The year-over-year picture remains negative, with Bitcoin lower than where it stood in April 2025 despite periods of institutional buying and ETF inflows. Geopolitical shocks like the Strait crisis demonstrate how quickly external events can overwhelm adoption-driven price narratives.

Counterarguments Worth Considering

Some Bitcoin proponents argue that short-term price drops during crises don't undermine the asset's long-term store-of-value thesis. They point out that Bitcoin has recovered from every previous geopolitical selloff, often reaching new highs within 12-24 months.

There's merit to this view. Bitcoin's fundamental properties (fixed supply, censorship resistance, global accessibility) remain unchanged regardless of what happens in the Strait of Hormuz. The current selling likely reflects portfolio rebalancing rather than any shift in Bitcoin's underlying utility.

However, the counterpoint is equally valid: if Bitcoin consistently falls during the exact moments when a safe haven would be most valuable, its practical use case as crisis insurance remains theoretical rather than demonstrated.

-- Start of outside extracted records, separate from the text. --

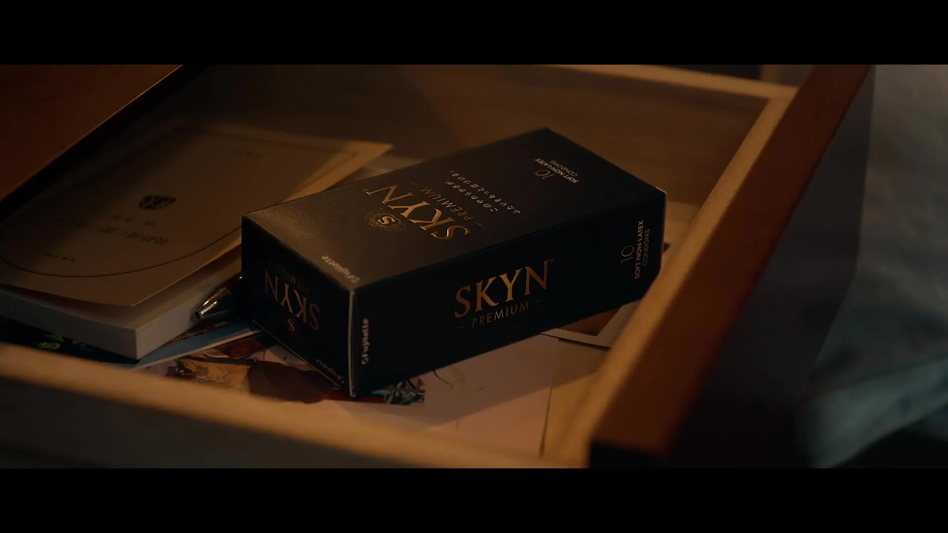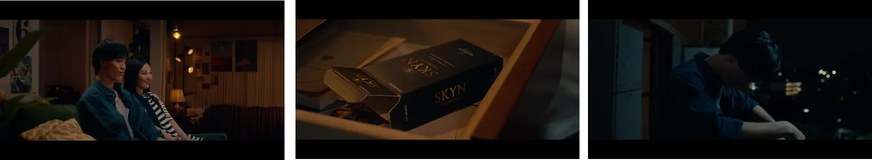 夜に部屋でくつろいでいるカップルが、良い雰囲気になるシーンから動画がスタート。いざその時を迎えるが、SKYN(R)が無いことに気づき、ベランダで肩を落とす主人公の男性。
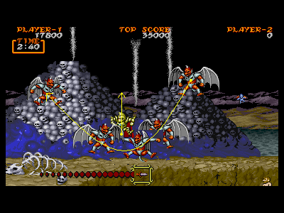 | パターン1:レッドアリーマーがプレイヤーの斜め上にいる場合1 プレイヤーの斜め上でホバリングをしている時、こいつの行う最も多い行動は、そのままプレイヤーに向かって突っ込み、放物線を描きながら、逆サイドに移動する、というもの。 この攻撃は、しゃがんでいれば簡単に避けることができます。この、しゃがむという動作は、レッドアリーマーの攻撃を避けるのには、重要な要素となっており、他の攻撃も、しゃがんでいると、なぜか避けることができたりもします。他の避け方については、連記していきます。 ちなみに、この突っ込みの後、逆サイドに上昇せずに途中で止まり、再度、突っ込みを仕掛けてくるパターンも存在していますが、それもしゃがんでいれば、避けることができます。 回避行動に慣れてきたら、攻撃編で説明しているパターン2に相当する攻撃法が通用するので、武器を投げておく癖を付けるようにしましょう。 |
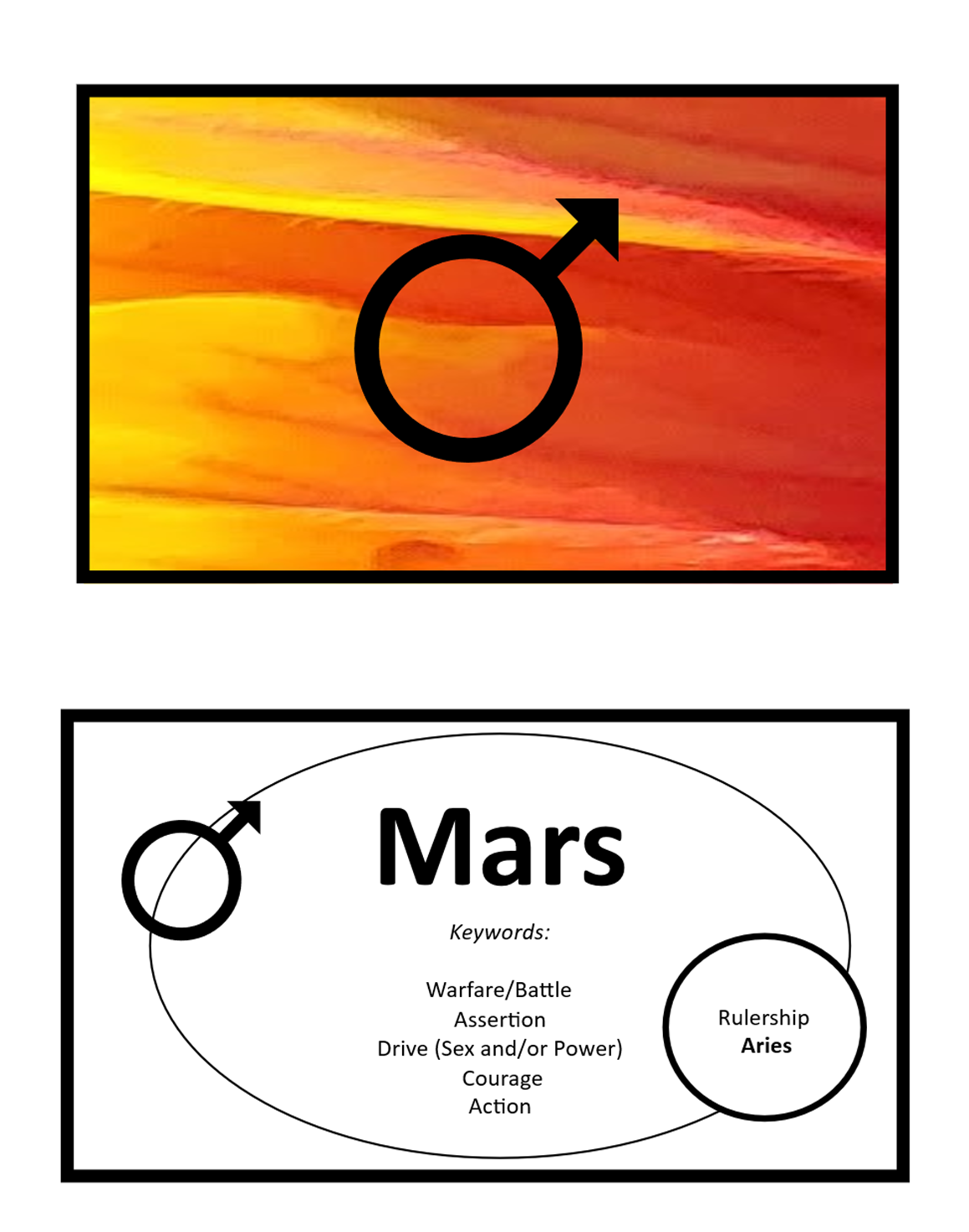 2. Pull out the Mars card and the house card from the Insight and Action Astrology Learning Card deck. If you do not yet have the learning cards, you can use a different resource you have for that information.
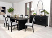 Captivating with a touch of Art Deco style, this black wood sideboard is a functional and fashionable addition to your dining room or living space. A great choice for expanding dining room storage, this chic sideboard is built of rubberwoods and wood products, sturdy and solid. A dramatic black finish embellishes linear groove designs on its door fronts and drawer fronts, adding a textural element to impart dimensionality. Find space for your serve ware and implements in a pair of top drawers and in shelving behind four doors. Drawers feature English dovetail construction on metal extension glides, and ornate metal hardware completes an artisanal look.
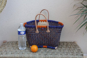 Cabas à courses de Madagascar - Panier Bleu & Orange - Sac tressé Artisanal - 3 tailles au choix -
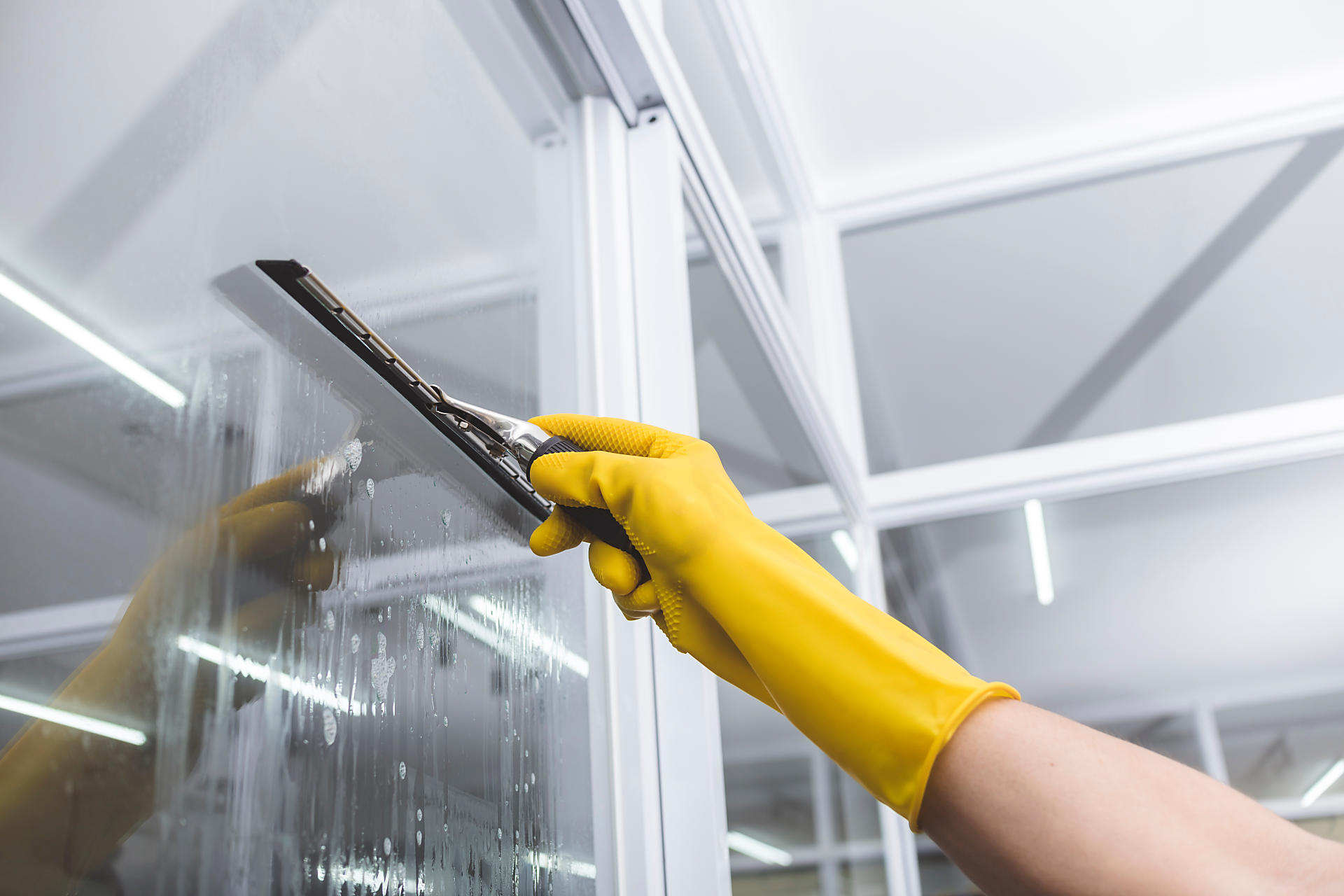- 窓用ワイパーをガラス面から浮かせないようしっかり持ち、ブロックを区切りながら上から下へ拭き取っていきます。
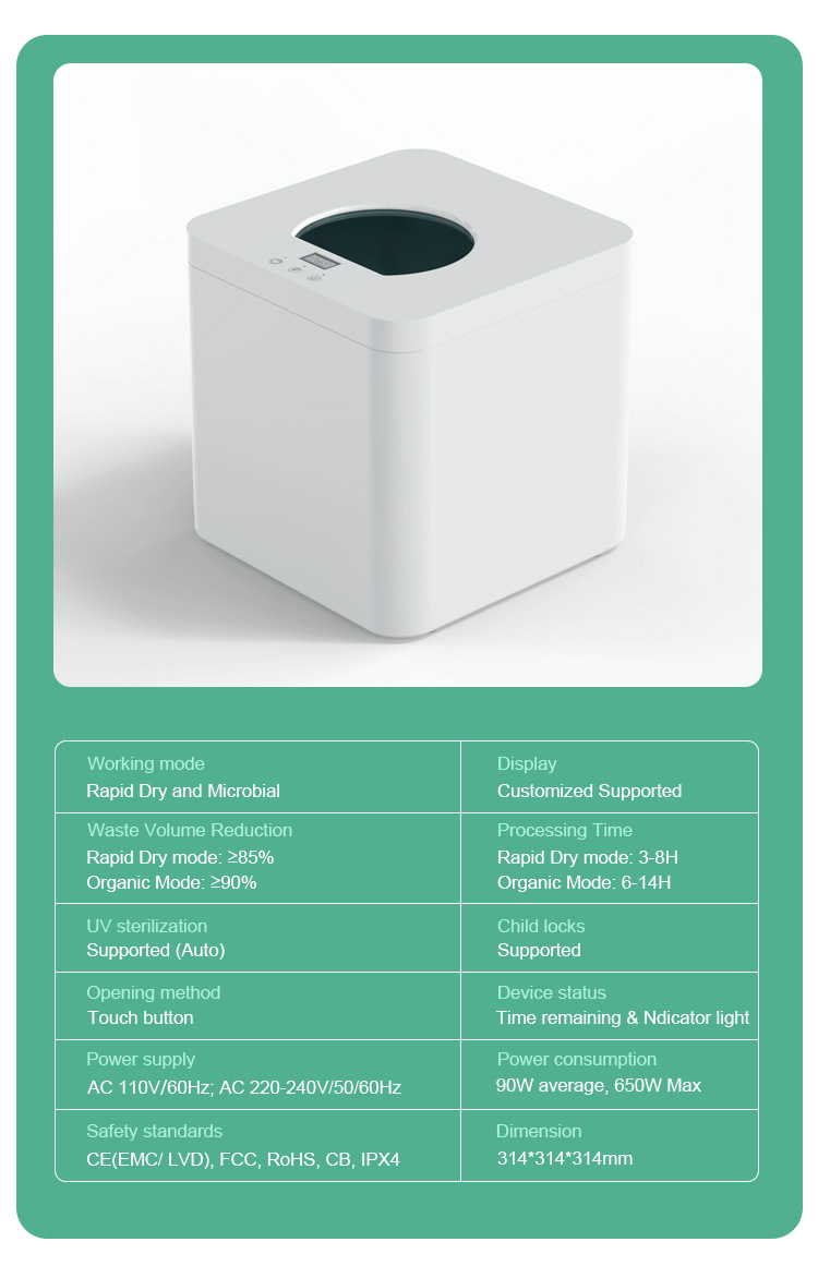 신형 5.2L 가정용 음식물 쓰레기 처리기 가정용 건조 음식 퇴비화 기계 저소음
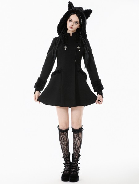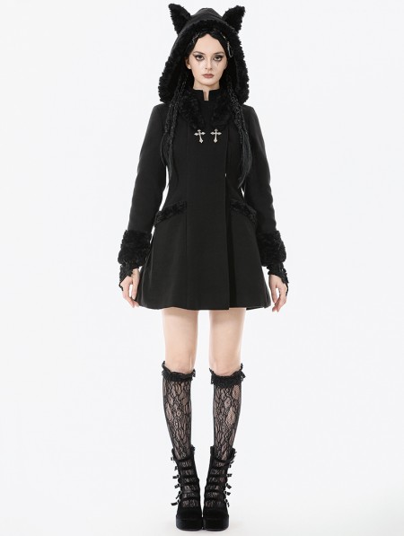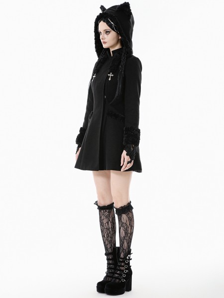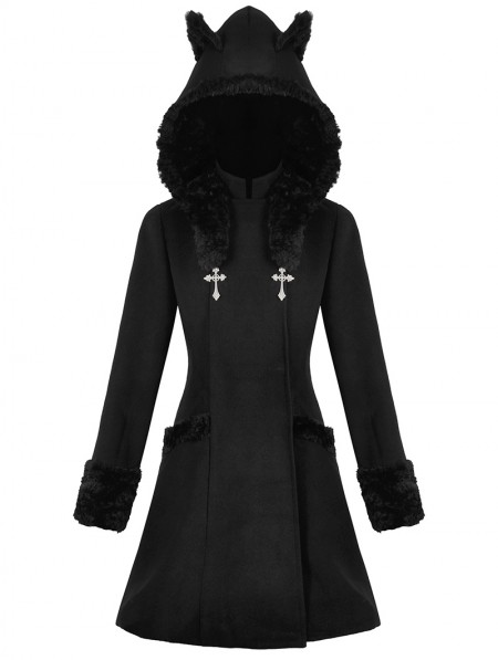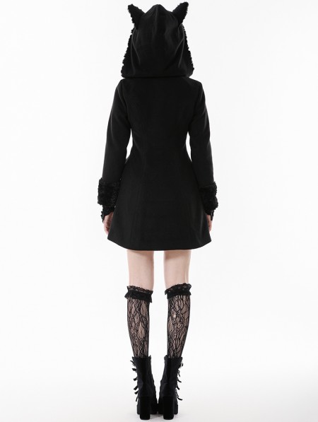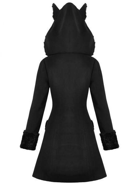 Dark in love Black Gothic Cute Cat Ear Fuzzy Hoodie Coat for Women
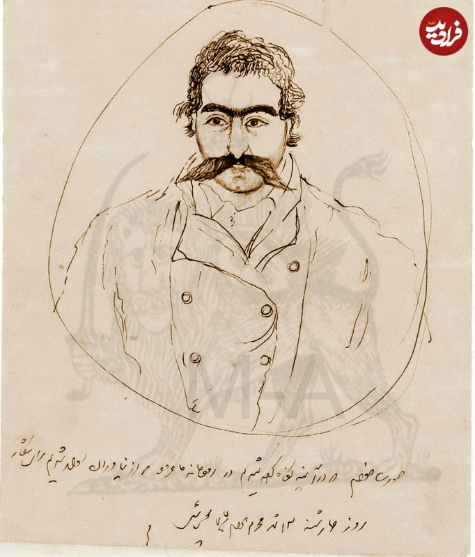 تصویری که در زیر ملاحظه میکنید، طرحی است که ناصرالدین شاه قاجار در سال 1239 شمسی در منطقۀ جاجرود و در جریان یکی از سفرهای تفریحیاش، از چهرۀ خودش در مقابل آینه کشیده است.
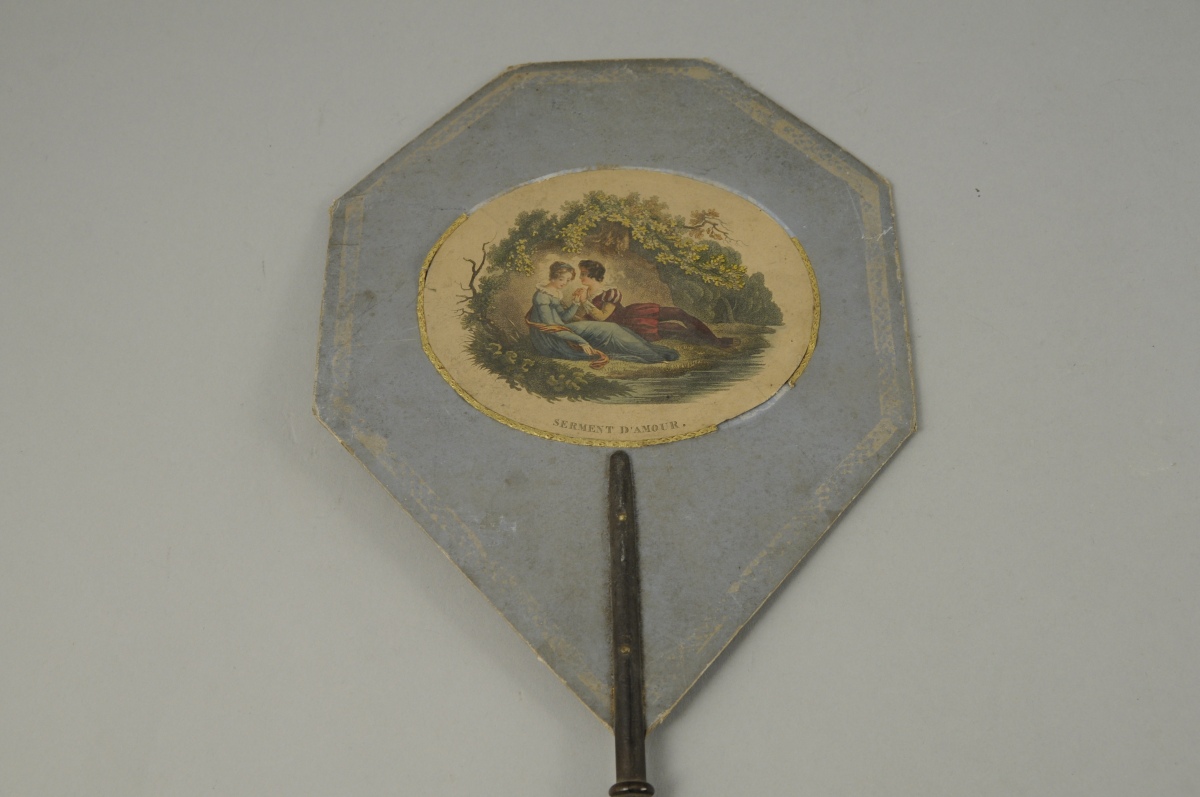 -Un de forme heptagonale. La feuille de couleur bleue centrée d'une gravure aquarellée de forme ovale représentant deux jeune gens au bord d'un lac titrée "SERMENT D'AMOUR". Manche en bois tourné et noirci. Haut. 42 Larg. 20 cm.
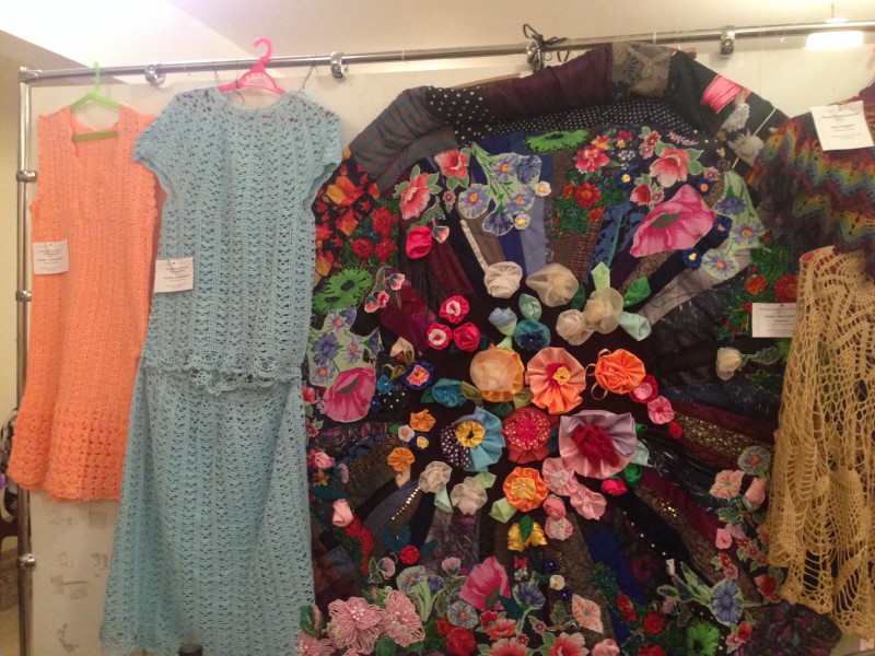 Всегда до начала основного мероприятия в фойе дворцов проходят выставки народно-прикладного творчества. Пенсионеры на суд зрителей и жюри представляют оригинальные изделия: здесь и одежда, связанная крючком, и картины, расшитые крестиком, и поделки в технике декупаж, и текстильные куклы, и разнообразные сувениры. В Ирбите, например, внимание привлек стол с берестяными изделиями – на здешней выставке он один такой. Светлана Вениаминовна Пономарева из деревни Пелевина Байкаловского района лишь год назад увлеклась созданием украшений из бересты. На творчество женщину подвигло рождение внучки Василисы.
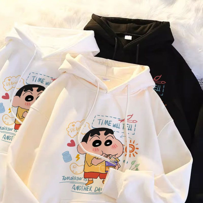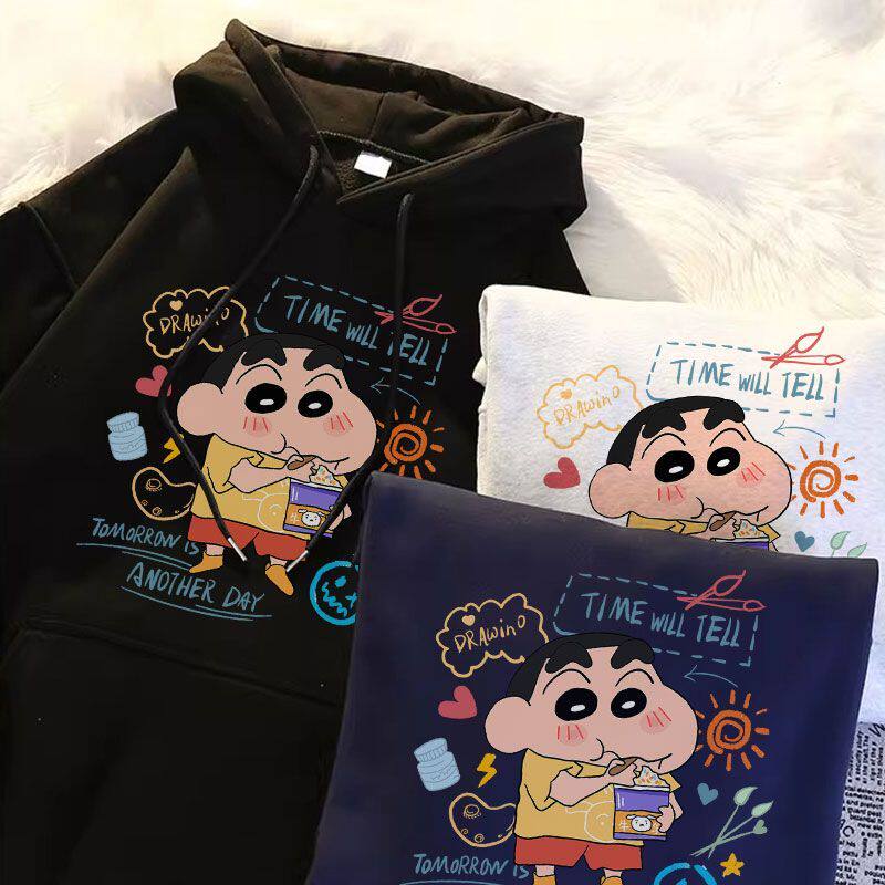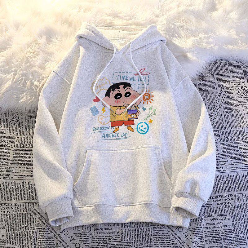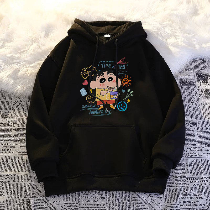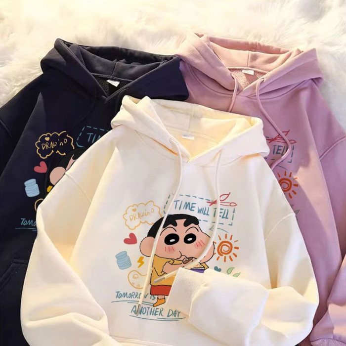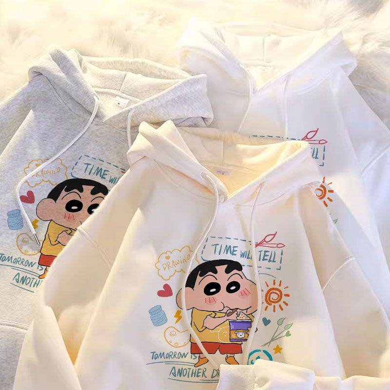 銀狐絨日系百搭蠟筆小新印花連帽衛衣情侶裝ins寬鬆秋冬季上衣男
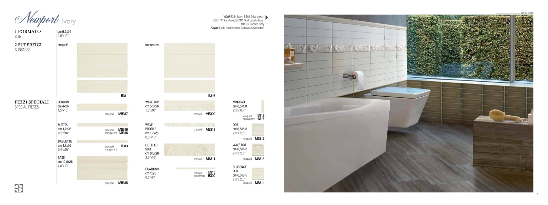 B301 White Moon; MB311 Surf Listello Ivory;
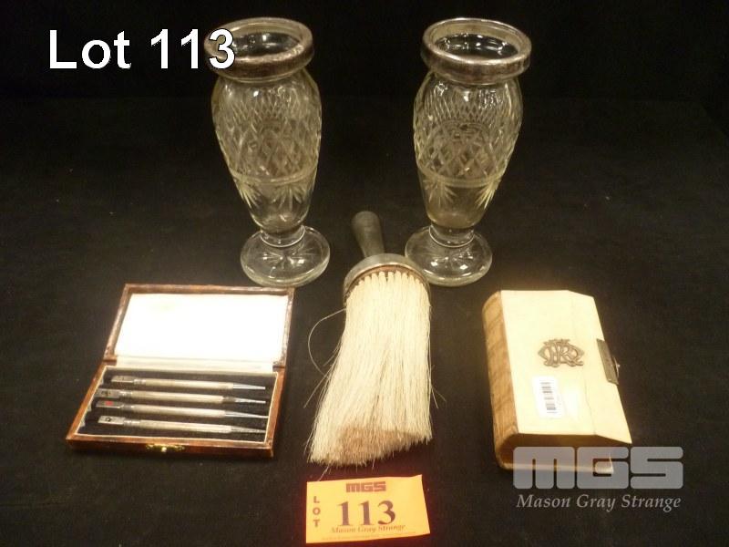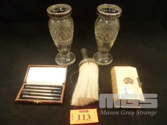 HALLMARKED SILVERWARE INC PRAYER BOOK (COVER CRACKED), SILVER CATCH, PAIR VASES, SILVER RIMS, HAIRDRESSER BRUSH, SILVER HANDLE & SILVER PENCIL SET

Practical Considerations for Bitcoin Holders

For those with a long-term accumulation strategy, periods of heightened volatility can present opportunities rather than just risks. Dollar-cost averaging tends to perform well precisely because it removes the pressure to time market bottoms.

Platforms like Fold allow users to accumulate Bitcoin passively through everyday spending, earning rewards on purchases regardless of price action. This approach sidesteps the emotional difficulty of buying during selloffs while maintaining consistent exposure over time. Features like automatic round-ups and recurring purchases can help maintain discipline when headlines turn alarming.

Looking Forward

The near-term outlook depends heavily on whether diplomatic channels reopen. Any credible progress toward de-escalation would likely trigger a relief rally, potentially recovering the losses from the past week. Conversely, further escalation (particularly if military action expands) could push Bitcoin toward the $60,000 level that prediction markets are pricing in.

Traders anticipate continued volatility until the U.S.-Iran standoff reaches some resolution. The Strait of Hormuz remains under Iranian control with no clear timeline for normalization. For Bitcoin markets, that means the geopolitical risk premium isn't going away anytime soon.

The lesson for crypto investors is familiar but worth repeating: Bitcoin's price remains sensitive to global macro events in ways that complicate simple narratives about digital gold or uncorrelated returns. Understanding that reality is more useful than pretending it doesn't exist.